Recorded data:

++++

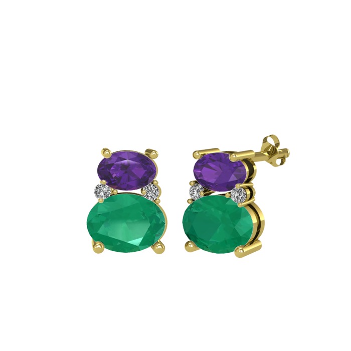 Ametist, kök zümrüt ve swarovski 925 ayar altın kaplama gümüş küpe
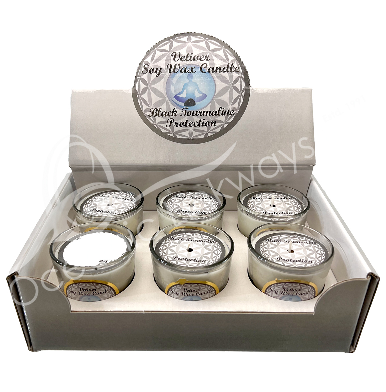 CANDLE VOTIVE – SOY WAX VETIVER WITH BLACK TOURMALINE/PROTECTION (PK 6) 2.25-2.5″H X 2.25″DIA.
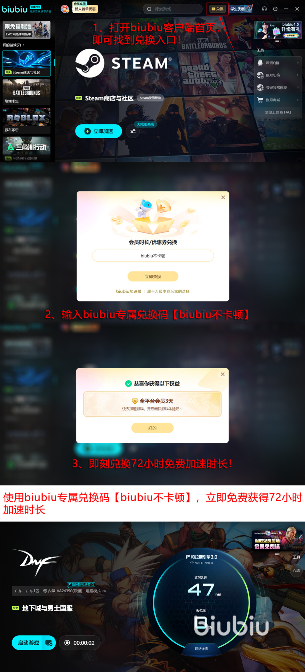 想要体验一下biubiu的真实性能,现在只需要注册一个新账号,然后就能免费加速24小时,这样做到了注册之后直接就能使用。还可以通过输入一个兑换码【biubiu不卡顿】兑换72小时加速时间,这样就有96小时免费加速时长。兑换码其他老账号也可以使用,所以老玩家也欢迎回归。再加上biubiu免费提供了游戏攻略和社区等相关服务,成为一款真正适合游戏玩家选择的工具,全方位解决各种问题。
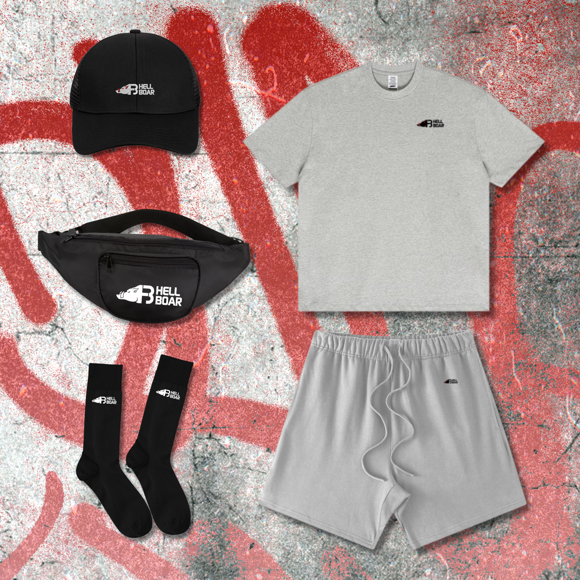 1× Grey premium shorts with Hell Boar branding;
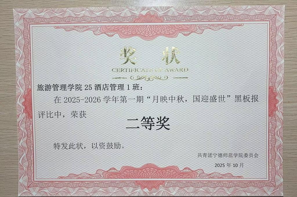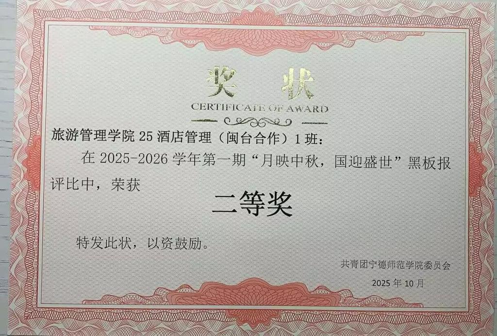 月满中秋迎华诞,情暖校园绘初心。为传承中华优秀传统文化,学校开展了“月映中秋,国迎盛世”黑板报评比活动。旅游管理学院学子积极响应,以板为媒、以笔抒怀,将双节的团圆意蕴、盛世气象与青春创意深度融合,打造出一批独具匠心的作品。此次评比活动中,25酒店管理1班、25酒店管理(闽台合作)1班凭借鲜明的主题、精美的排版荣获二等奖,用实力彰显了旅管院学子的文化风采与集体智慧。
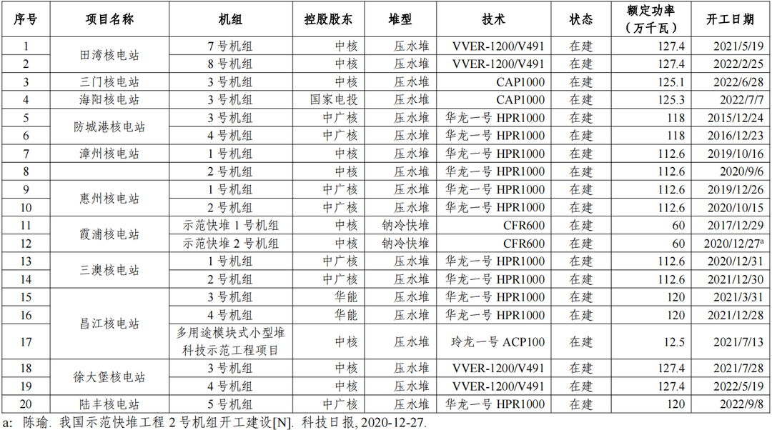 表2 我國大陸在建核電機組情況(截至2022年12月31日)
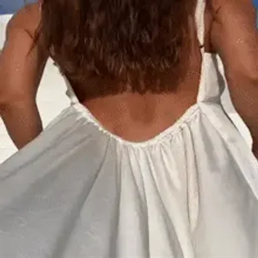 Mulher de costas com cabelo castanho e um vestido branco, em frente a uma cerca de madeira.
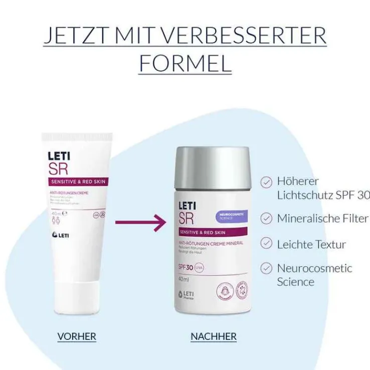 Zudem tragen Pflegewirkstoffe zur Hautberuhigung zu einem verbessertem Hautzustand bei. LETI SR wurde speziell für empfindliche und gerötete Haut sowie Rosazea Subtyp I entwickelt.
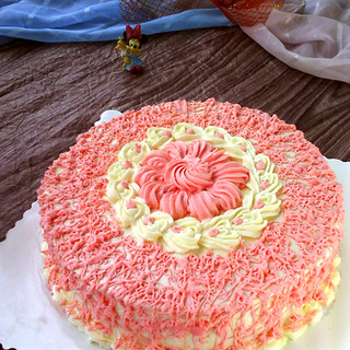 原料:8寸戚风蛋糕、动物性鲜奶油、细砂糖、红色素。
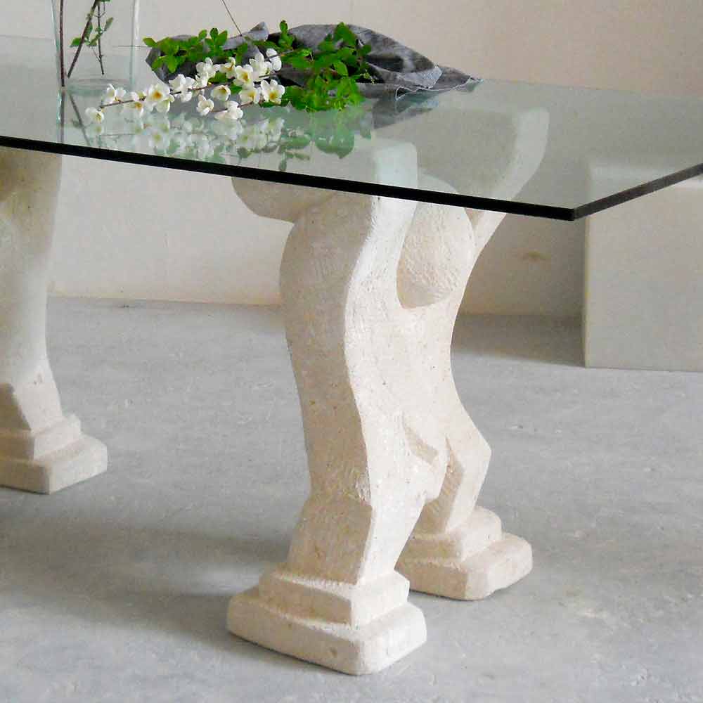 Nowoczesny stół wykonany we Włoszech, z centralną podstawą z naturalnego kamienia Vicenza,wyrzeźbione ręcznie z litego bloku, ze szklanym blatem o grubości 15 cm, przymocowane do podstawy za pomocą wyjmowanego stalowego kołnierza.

++++

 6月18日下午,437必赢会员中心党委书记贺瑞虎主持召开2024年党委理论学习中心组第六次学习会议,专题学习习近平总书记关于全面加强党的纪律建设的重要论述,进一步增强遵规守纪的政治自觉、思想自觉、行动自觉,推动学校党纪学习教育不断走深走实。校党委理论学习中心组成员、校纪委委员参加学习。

++++

Exercise aim:
Go down the entries above from the line containing "原料:8寸戚风蛋糕、动物性鲜奶油、细砂糖、红色素。" to the line containing "Nowoczesny stół wykonany" and write out each line exactly, leaving pictures out.

Finished task:
 原料:8寸戚风蛋糕、动物性鲜奶油、细砂糖、红色素。
 Nowoczesny stół wykonany we Włoszech, z centralną podstawą z naturalnego kamienia Vicenza,wyrzeźbione ręcznie z litego bloku, ze szklanym blatem o grubości 15 cm, przymocowane do podstawy za pomocą wyjmowanego stalowego kołnierza.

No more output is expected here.